## ABOUT THIS TASK
In your copy, leave out the pictures and reproduce the listing below exactly.

** DATA IN THIS EXERCISE follows **

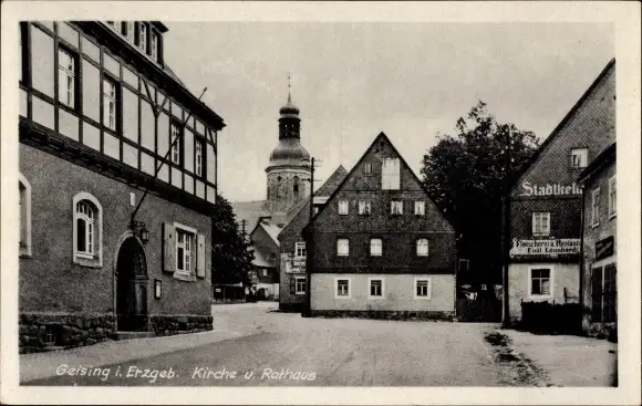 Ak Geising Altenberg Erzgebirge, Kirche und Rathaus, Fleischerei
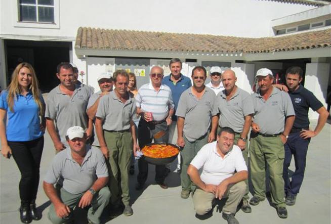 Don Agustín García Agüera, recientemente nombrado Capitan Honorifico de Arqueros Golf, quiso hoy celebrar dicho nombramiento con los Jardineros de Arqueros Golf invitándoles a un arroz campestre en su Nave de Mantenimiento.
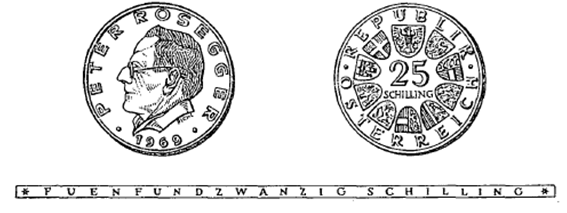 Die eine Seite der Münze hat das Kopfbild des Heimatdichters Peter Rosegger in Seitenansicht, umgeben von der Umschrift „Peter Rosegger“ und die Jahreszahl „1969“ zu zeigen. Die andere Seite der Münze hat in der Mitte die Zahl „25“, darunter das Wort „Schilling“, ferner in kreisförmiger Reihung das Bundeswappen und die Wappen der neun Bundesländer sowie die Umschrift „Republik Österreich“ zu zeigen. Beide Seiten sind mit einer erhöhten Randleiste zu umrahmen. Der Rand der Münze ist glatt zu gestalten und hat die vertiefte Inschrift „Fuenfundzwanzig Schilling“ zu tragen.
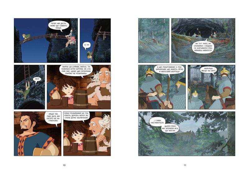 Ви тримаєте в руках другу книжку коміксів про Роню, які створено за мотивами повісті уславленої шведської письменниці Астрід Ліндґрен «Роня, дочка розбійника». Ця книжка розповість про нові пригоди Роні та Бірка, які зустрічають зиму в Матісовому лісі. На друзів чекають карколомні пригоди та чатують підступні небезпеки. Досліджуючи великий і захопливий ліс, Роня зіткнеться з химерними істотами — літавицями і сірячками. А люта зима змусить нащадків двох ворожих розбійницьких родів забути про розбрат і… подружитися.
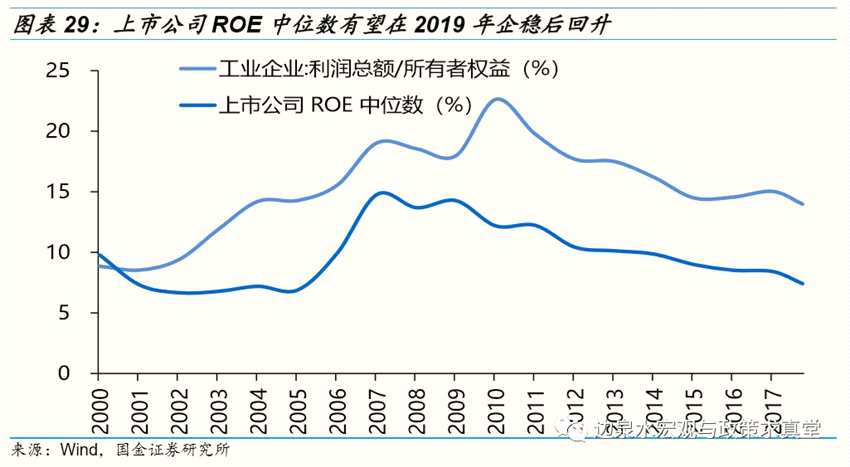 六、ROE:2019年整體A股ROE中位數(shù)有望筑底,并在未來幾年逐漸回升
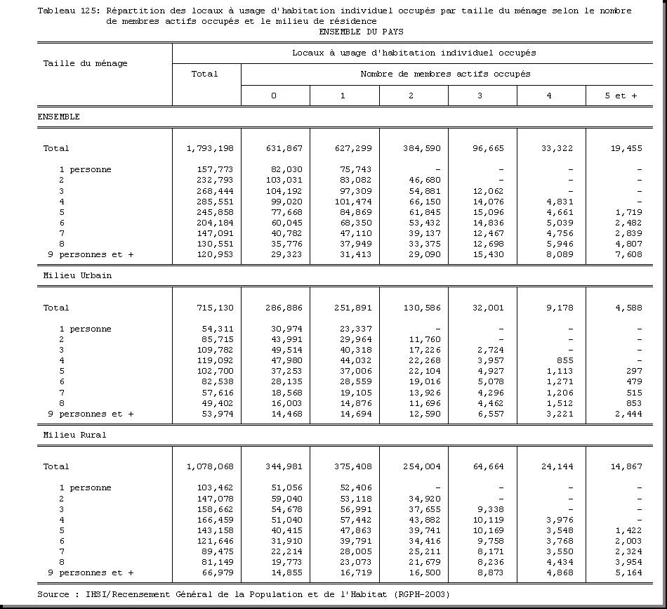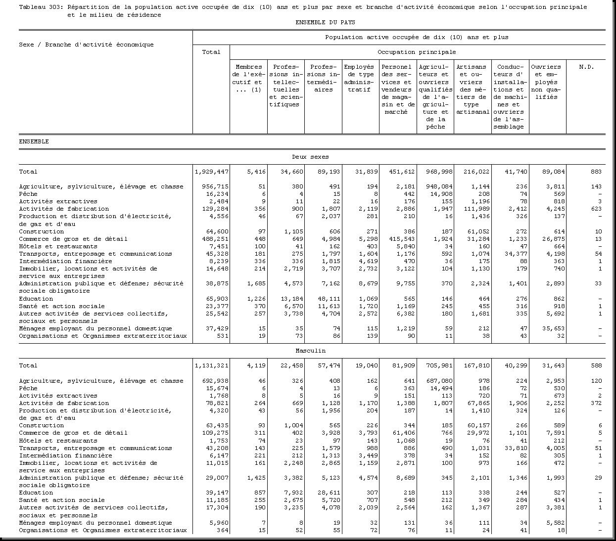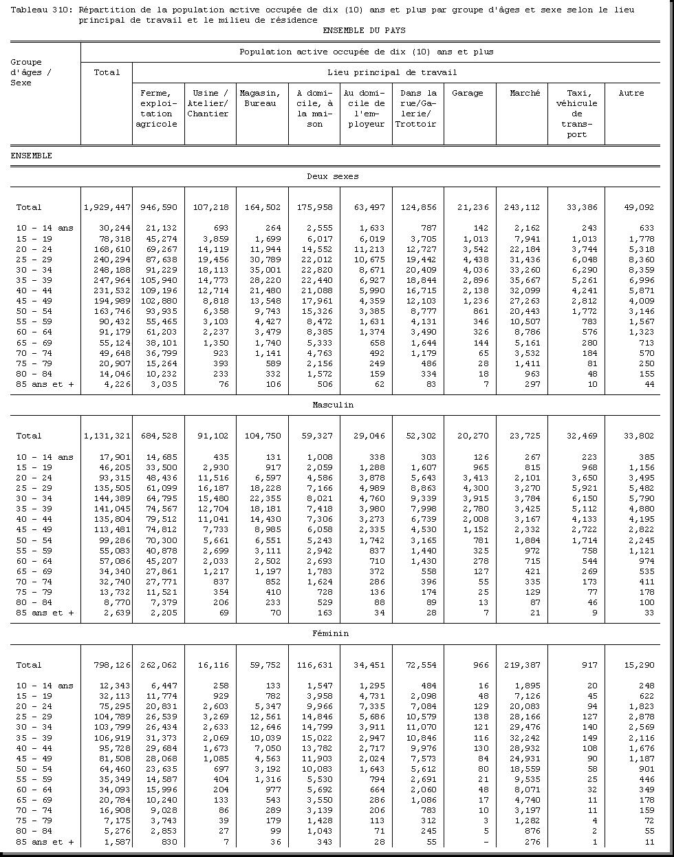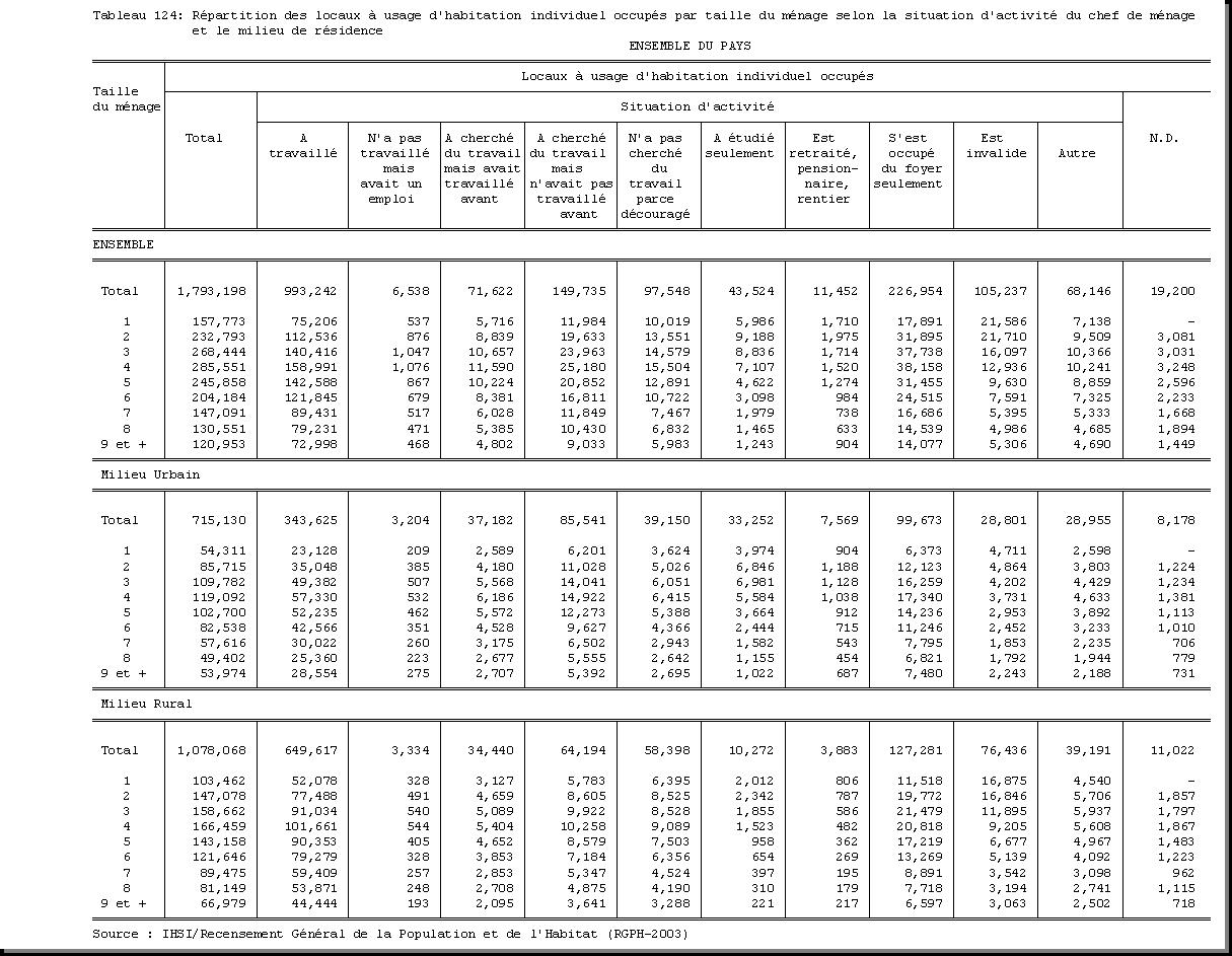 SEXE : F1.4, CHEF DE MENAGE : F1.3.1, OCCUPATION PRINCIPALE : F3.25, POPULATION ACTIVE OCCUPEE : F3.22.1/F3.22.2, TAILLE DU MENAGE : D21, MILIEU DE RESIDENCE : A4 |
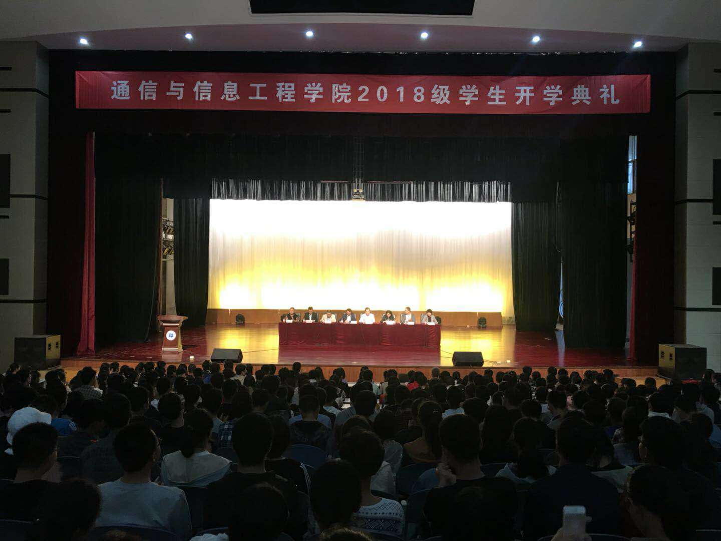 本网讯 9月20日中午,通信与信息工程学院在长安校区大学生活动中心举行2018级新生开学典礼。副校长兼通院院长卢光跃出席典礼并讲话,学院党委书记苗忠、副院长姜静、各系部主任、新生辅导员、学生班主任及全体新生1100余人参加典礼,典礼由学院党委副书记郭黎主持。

** End of DATA IN THIS EXERCISE **

## TASK OUTPUT
 Ak Geising Altenberg Erzgebirge, Kirche und Rathaus, Fleischerei
 Don Agustín García Agüera, recientemente nombrado Capitan Honorifico de Arqueros Golf, quiso hoy celebrar dicho nombramiento con los Jardineros de Arqueros Golf invitándoles a un arroz campestre en su Nave de Mantenimiento.
 Die eine Seite der Münze hat das Kopfbild des Heimatdichters Peter Rosegger in Seitenansicht, umgeben von der Umschrift „Peter Rosegger“ und die Jahreszahl „1969“ zu zeigen. Die andere Seite der Münze hat in der Mitte die Zahl „25“, darunter das Wort „Schilling“, ferner in kreisförmiger Reihung das Bundeswappen und die Wappen der neun Bundesländer sowie die Umschrift „Republik Österreich“ zu zeigen. Beide Seiten sind mit einer erhöhten Randleiste zu umrahmen. Der Rand der Münze ist glatt zu gestalten und hat die vertiefte Inschrift „Fuenfundzwanzig Schilling“ zu tragen.
 Ви тримаєте в руках другу книжку коміксів про Роню, які створено за мотивами повісті уславленої шведської письменниці Астрід Ліндґрен «Роня, дочка розбійника». Ця книжка розповість про нові пригоди Роні та Бірка, які зустрічають зиму в Матісовому лісі. На друзів чекають карколомні пригоди та чатують підступні небезпеки. Досліджуючи великий і захопливий ліс, Роня зіткнеться з химерними істотами — літавицями і сірячками. А люта зима змусить нащадків двох ворожих розбійницьких родів забути про розбрат і… подружитися.
 六、ROE:2019年整體A股ROE中位數(shù)有望筑底,并在未來幾年逐漸回升
 SEXE : F1.4, CHEF DE MENAGE : F1.3.1, OCCUPATION PRINCIPALE : F3.25, POPULATION ACTIVE OCCUPEE : F3.22.1/F3.22.2, TAILLE DU MENAGE : D21, MILIEU DE RESIDENCE : A4 |
 本网讯 9月20日中午,通信与信息工程学院在长安校区大学生活动中心举行2018级新生开学典礼。副校长兼通院院长卢光跃出席典礼并讲话,学院党委书记苗忠、副院长姜静、各系部主任、新生辅导员、学生班主任及全体新生1100余人参加典礼,典礼由学院党委副书记郭黎主持。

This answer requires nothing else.